The systemic use of bevacizumab has been associated with an increased risk of cerebrovascular and cardiovascular thromboembolic events (bevacizumab package insert). Although the intravitreal dose is 1/400 or less of the usual systemic dose, the possibility of a systemic adverse effect after an intravitreal bevacizumab injection nevertheless exists. According to the ranibizumab package insert, intravitreal ranibizumab has a “theoretical risk of arterial thromboembolic events” and, in an ongoing study, Safety Assessment of Intravitreal Lucentis for Age-Related Macular Degeneration (SAILOR), of ranibizumab delivered intravitreally to patients with neovascular age-related macular degeneration, a planned interim safety analysis performed on data from Cohort 1, patients with an average follow up of 230 days demonstrated a higher incidence of strokes in the 0.5 mg dose group compared with the 0.3 mg dose group (1.2% versus 0.3%, p=0.02; letter dated January 24, 2007 from Hal Barron, MD, Chief Medical Officer of Genentech, Inc to health care providers [www.gene.com/gene/products/information/pdf/healthcare-provider-letter.pdf. Accessed May 30, 2007]).

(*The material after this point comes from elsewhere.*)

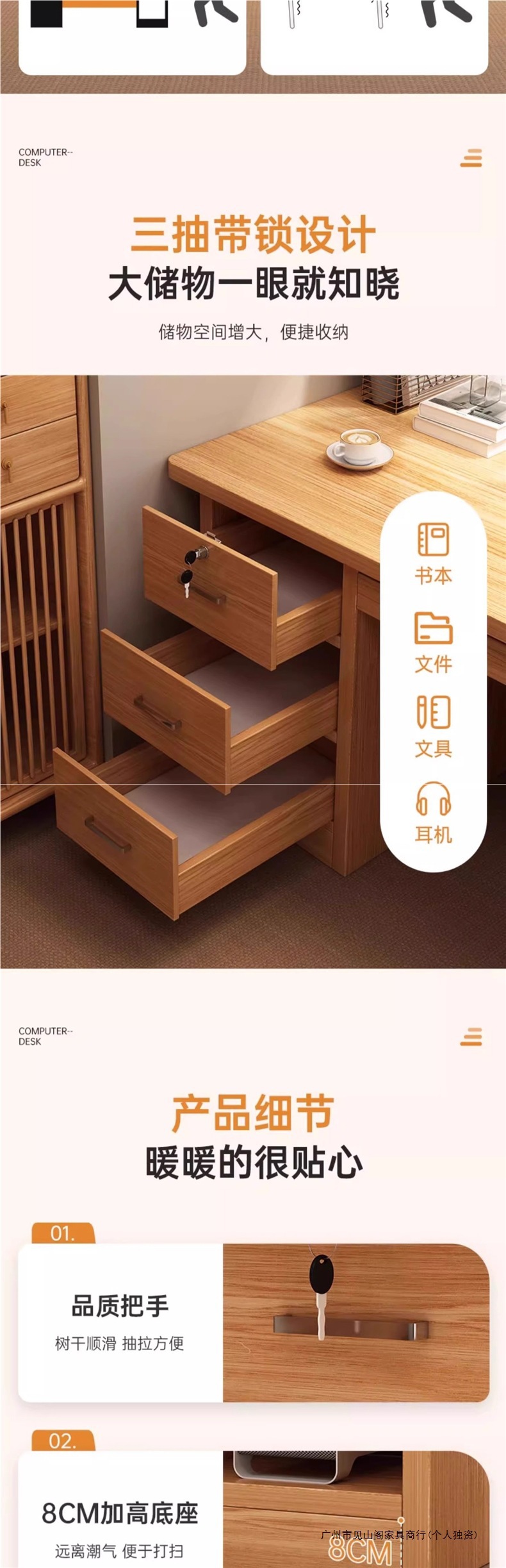 • 고급 원목 생태 보드 [3단 서랍 호스트] 삼나무 색상 120CM
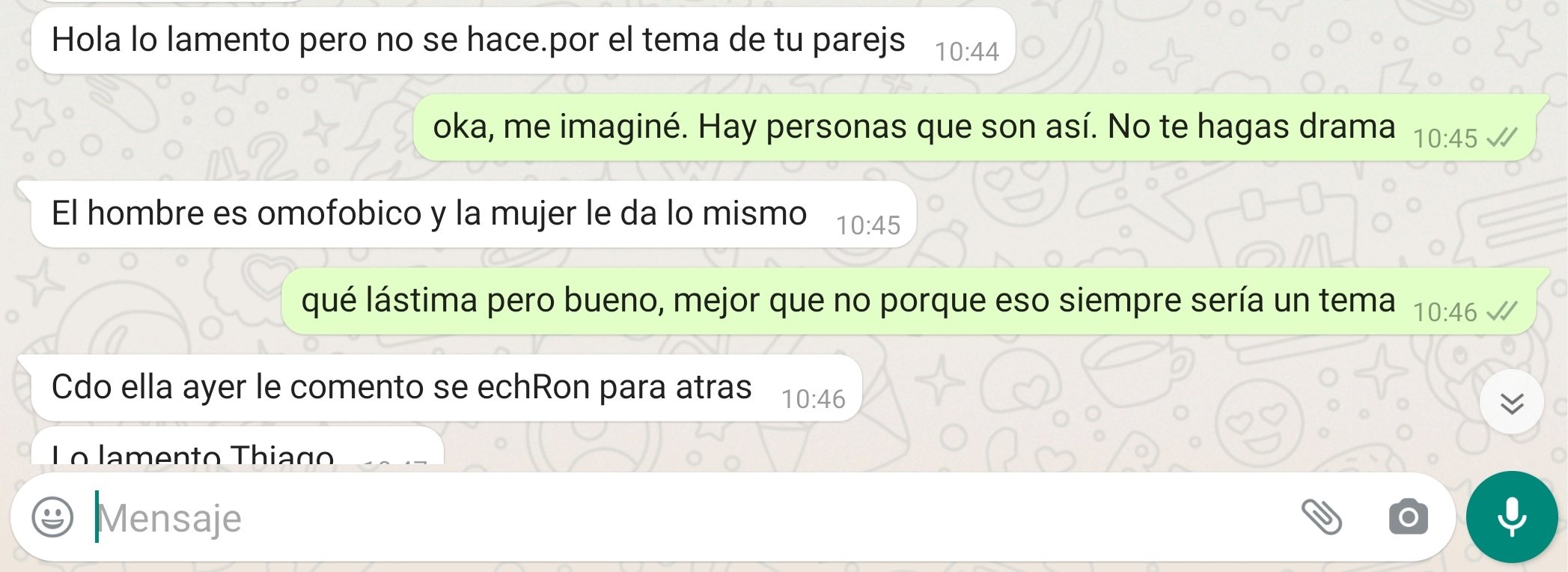 En la citada captura de pantalla se ve que la persona allegada a Leis le señaló: "Lo lamento, pero no se hace por el tema de tu pareja. El hombre es homofóbico y a la mujer le da lo mismo; cuando ella le comentó, se echaron para atrás".

Systemic safety evaluation of bevacizumab in the current study is limited by the small sample size and short follow up. There were several cases of systemic cardiovascular or renal adverse effects, all of which occurred in subjects with related pre-existing medical conditions, including two cases of myocardial infarction. In this study, there was one case of injection-related endophthalmitis in 185 injections, an uncommon but well recognized complication of intravitreal injection, but no important ocular complications attributable to the drug. The follow up of patients in published reports of the use of intravitreal bevacizumab in humans is too short to be conclusive regarding the ocular safety of intravitreal bevacizumab.^19-21

Conclusions

This study was conducted to provide data to assist in the development of a phase 3 randomized clinical trial protocol and, by design, had a short follow-up period and a modest sample size. Therefore, definitive safety and effectiveness conclusions are limited. Although about half of eyes demonstrated an initial positive response to intravitreal bevacizumab (exceeding an 11% reduction in retinal thickness compared with baseline at either the 3-week or 6-week visit), this response was similar to that observed in the laser group after more than 3 weeks. In addition, the magnitude of the response was not large for most subjects. Thus, these short-term results of the current study should not be generalized to conclude that there is a clinically meaningful benefit in treating DME with intravitreal bevacizumab or other anti-VEGF drugs. This determination of clinical benefit will require the conduct of a large phase 3 randomized clinical trial.

Writing Committee

Lead authors: Ingrid U. Scott, Allison R. Edwards, Roy W. Beck. Additional writing committee members (alphabetical): Neil M. Bressler, Clement K. Chan, Michael J. Elman, Scott M. Friedman, Craig Michael Greven, Raj K. Maturi, Dante J. Pieramici, Michel Shami, Lawrence J. Singerman, Cynthia R. Stockdale

The Diabetic Retinopathy Clinical Research Network*

*A complete list of the members of the Diabetic Retinopathy Clinical Research Network participating in the trial is available at http://aaojournal.org.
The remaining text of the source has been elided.